**EXERCISE PROMPT**
No pictures go in the copy. Restate, word for word, each line from the one containing "任何法會、法事、佛法研習班,若主持者是在" through the last line below.

-- EXERCISE MATERIAL follows --

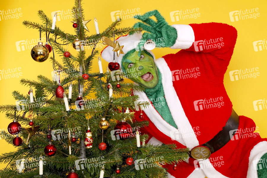 GEEK ART - Bodypainting meets SciFi, Fantasy and more: Christmas Photoshooting mit Enrico als Grinch im Fotostudio Schubert in Niedernwöhren - Ein Projekt des Fotografen Tschiponnique Skupin und des Bodypainters und Transformakers Enrico Lein
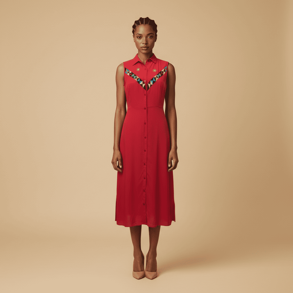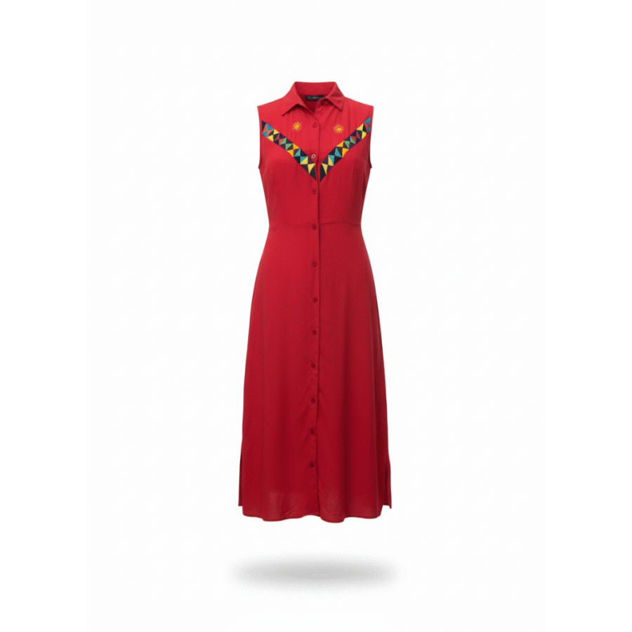 El alma de este vestido largo camisero con bordado de Huazolotitlánda, reside en un minucioso bordado de alta precisión técnica, característico de la región. Esta pieza presenta un patrón geométrico en forma de “V” que resalta sobre el pecho, donde hilos en tonos amarillos, azules y negros crean una armonía visual que evoca los colores de la naturaleza costera.
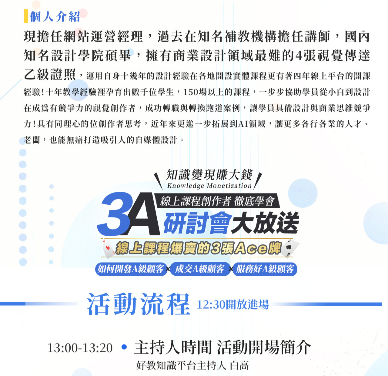 此為線上ZOOM會議課程,請先備好軟體與相關上課工具,並請與顧問聯繫確認email是否有收到上課通知。
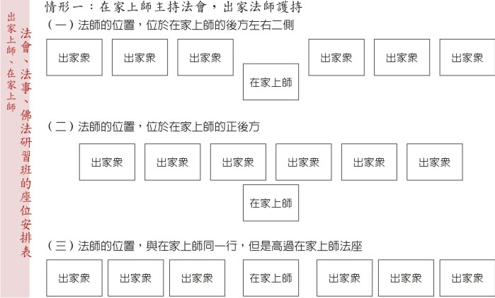 任何法會、法事、佛法研習班,若主持者是在家眾(如居士上師、居士教授師),列席或參加者有《真佛宗》出家眾,則在席位安排上,《真佛宗》出家眾必須坐在主持者之後,法座高度與主持者相同。
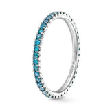 Anillo de vuelta completa, engastado con diamantes azul celeste, naturales y tratados.

-- EXERCISE MATERIAL concluded --

**OUTPUT OF THE EXERCISE**
 任何法會、法事、佛法研習班,若主持者是在家眾(如居士上師、居士教授師),列席或參加者有《真佛宗》出家眾,則在席位安排上,《真佛宗》出家眾必須坐在主持者之後,法座高度與主持者相同。
 Anillo de vuelta completa, engastado con diamantes azul celeste, naturales y tratados.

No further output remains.